|Defensive end Jason Jones strips the ball away from Buccaneers running back LeGarrette Blount.|
NASHVILLE, Tenn. — Forcing a fumble from behind is usually credited as an effort play.
Titans defensive coordinator Jerry Gray calls it the "Stack Monster," an entity that can quickly sway momentum from team to team.
There were multiple sightings in Tennessee last Sunday, including the second play of the game.
Defensive lineman Jason Jones spun around, spotted Tampa Bay running back LeGarrette Blount ahead of him and pursued the pigskin. Jones popped the ball loose, and Jason McCourty recovered it.
"We tell our defensive linemen all the time — we call it the Stack Monster — if you get out of the stack and you run, running backs never know where you are, Gray said. "All of a sudden, he may be throwing a move on the guy in front of him, and you cause the fumble. You're busting your tail, you're doing what you're supposed to do, good things happen," Gray said.
The pursuit play is a product of hustle and determination.
"Our D-line coach (Tracy Rocker) always says get out of the stack if it's a screen or something else like that cause we're the ones that are going to help everyone else out. It's important for us to run after the ball. Most of the time those running backs think they've got a clear shot, so you come from behind them, punch it out, you can change the game and get a turnover or something like that."
Jones said that type of play is a point of pride for defensive linemen because it "shows our athleticism and shows that we can actually run and chase somebody down" but it's not limited to the position. Safety Jordan Babineaux also forced a fumble from behind after Mike Williams caught a pass in the third quarter.
Cold, rainy weather made the football tough to secure for both teams, which combined for nine turnovers Sunday. Dave Ball recorded a sack fumble that he recovered against Josh Freeman, and Jurrell Casey wrestled the ball away from Blount and grabbed it as he fell down.
"I saw him running with the ball kind of loose, so my first instinct was to try to get the ball back for our offense. After I took it from him, I told teammates that I had told (Blount), 'Give me that. I need that. It's mine.' It wasn't directed toward him."
Casey said defensive players have to rev their "motors" to get to the ball on certain plays.
"You just keep going and going," Casey said. "You might get beat initially on plays but as long as you keep going, a lot of times that's when turnovers happen."
Turnovers are usually an important indicator of outcomes and will likely be so again Sunday when Tennessee (6-5) visits Buffalo (5-6). The Bills have thrived by taking the ball away from opponents with 16 interceptions (second best in the NFL) and six fumble recoveries.
Quarterback Matt Hasselbeck said Tennessee's offense must protect the football better than it did against Tampa Bay when momentum swung from team to team like a pendulum.
"Everyone talks about getting turnovers," Hasselbeck said. "These guys are doing a really good job statistically. They're not high on the sheet in any category — against the run, against the pass, touchdowns, not of that — but when it comes to takeaways, which is a very important stat, they are top five, whether you're talking about fumbles or interceptions. That's got to be a point of emphasis for us to protect the football."

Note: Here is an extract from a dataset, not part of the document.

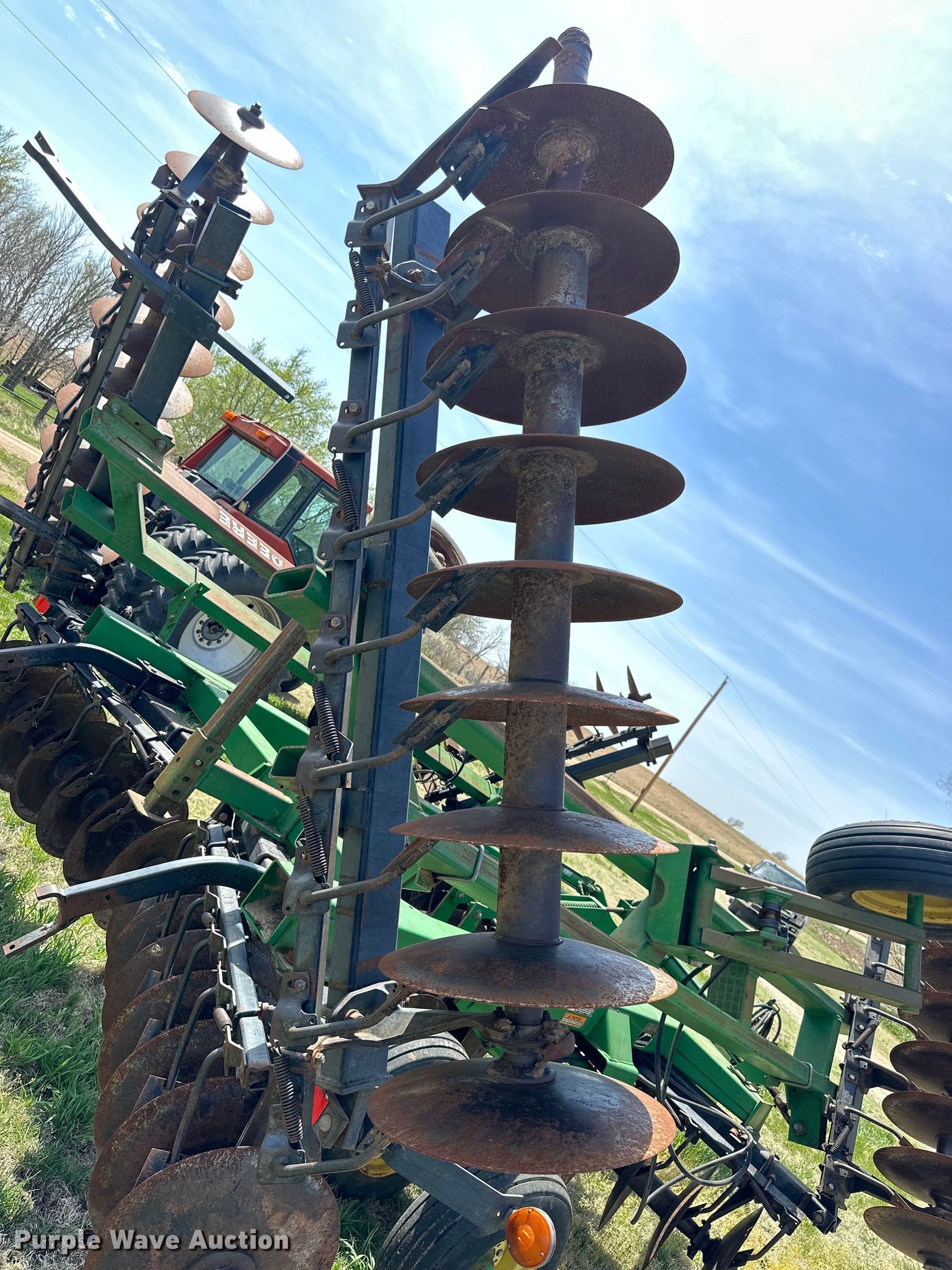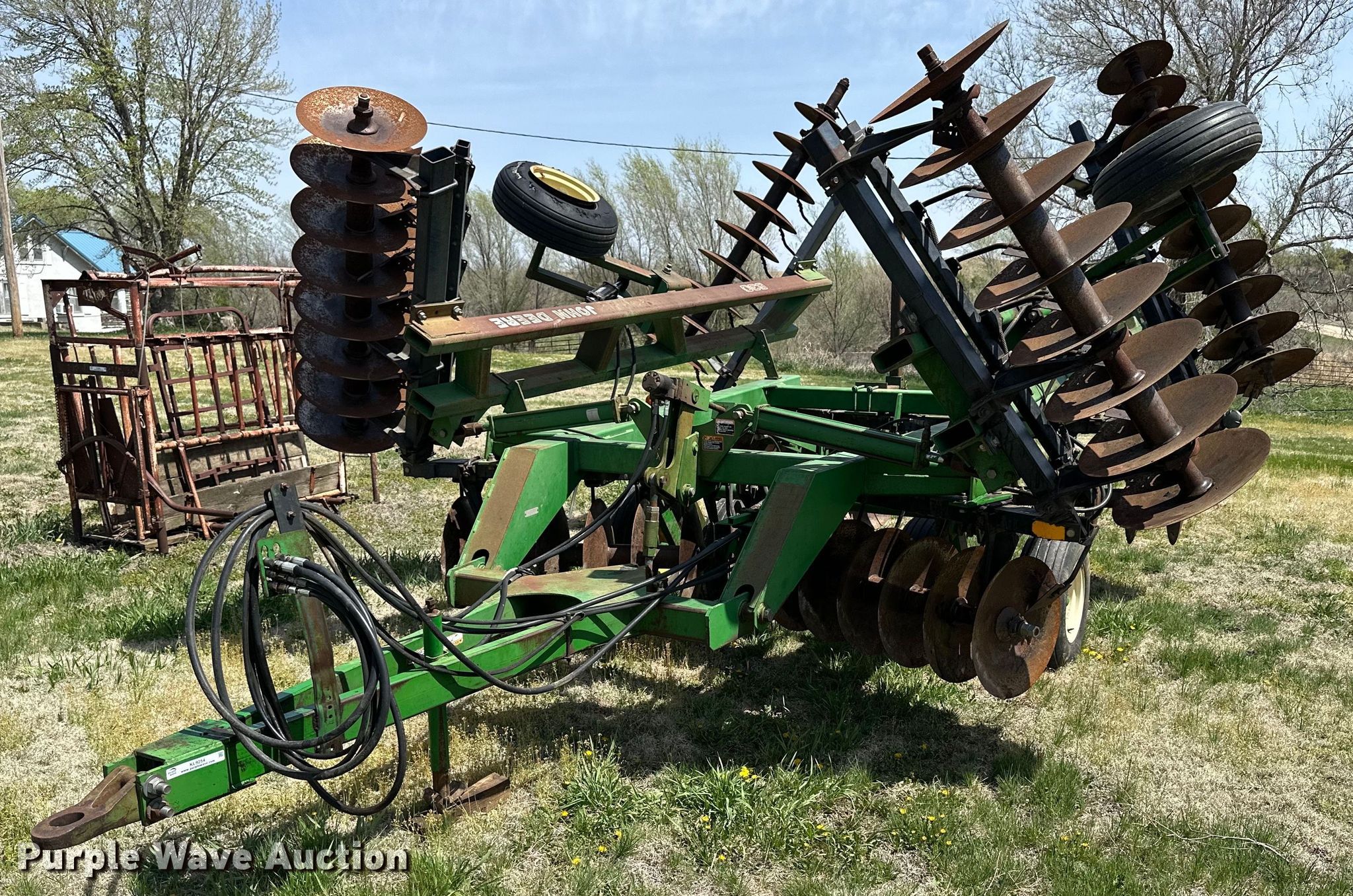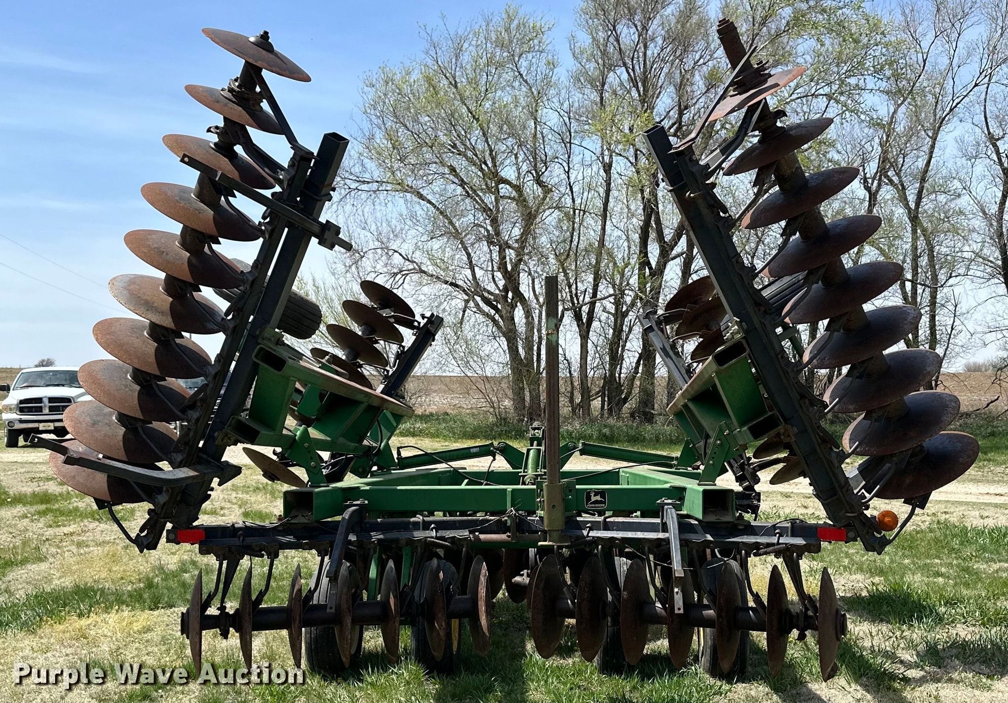 Purple Wave is selling a used Disk in Kansas. This item is a John Deere 630 tandem disk with the following: Overall width: 21', Serial: N00630X010293

The Titans overcame four turnovers — two interceptions and two fumbles — against the Buccaneers by forcing five. Tennessee is plus-3 in turnover margin this season and wants to keep increasing that number in the final five games of the year.
"When you get to the ball, good things happen," safety Chris Hope said. "You've got to find a way to create turnovers. Anything and everything helps. Any turnover is crucial, any extra effort to stop someone from getting a first down is important, so that's what you have to do."